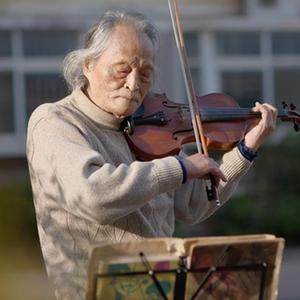 這是一張拼版照片,左圖為:2020年3月5日傍晚,在湖北省武漢大學人民醫(yī)院東院,復旦大學附屬中山醫(yī)院支援湖北醫(yī)療隊醫(yī)生在護送患者王欣做CT的途中停下,讓住院近一個月的老人欣賞久違的日落(甘俊超 攝);右圖為:3月24日,“看夕陽的老人”王欣在東西湖區(qū)園藝花城小區(qū)內(nèi)拉小提琴(新華社記者熊琦攝)。新華社發(fā)
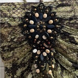 Chic strapless dress with snake print. Features earthy tones and elegant embellishments. Ideal for stylish outings. Wore once. EUC
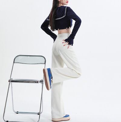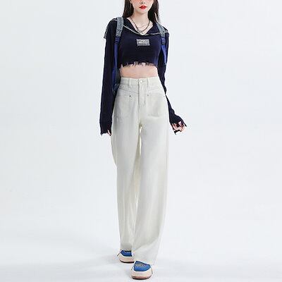 激?れ人気商品 脚長効果!デニムパンツ かっこいい!スラックスパンツ ストレートジーンズ 春夏 ハイウエスト ホワイト ゆったり ワイドパンツ
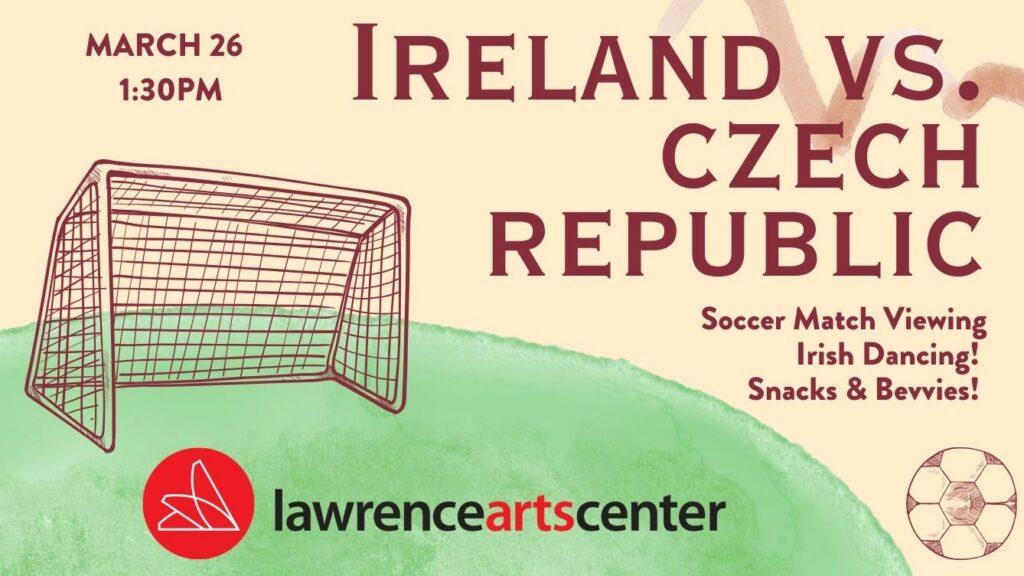 Join the LAC Irish Dancers for an in-theatre screening of the Qualifying Soccer Match between Ireland and the Czech Republic. At 1:30p, doors open for cash bar and socializing! The Irish Dancers will hype us up with a pre-game performance and Stella Comparato will share some of the in’s and out’s of how to watch a soccer game.
--
Exercise objective ▸ From the line containing "Chic strapless dress" through the line containing "激?れ人気商品 脚長効果!デニムパンツ かっこいい!スラックスパンツ", copy every line above exactly, without pictures.

Output for this task ▸
 Chic strapless dress with snake print. Features earthy tones and elegant embellishments. Ideal for stylish outings. Wore once. EUC
 激?れ人気商品 脚長効果!デニムパンツ かっこいい!スラックスパンツ ストレートジーンズ 春夏 ハイウエスト ホワイト ゆったり ワイドパンツ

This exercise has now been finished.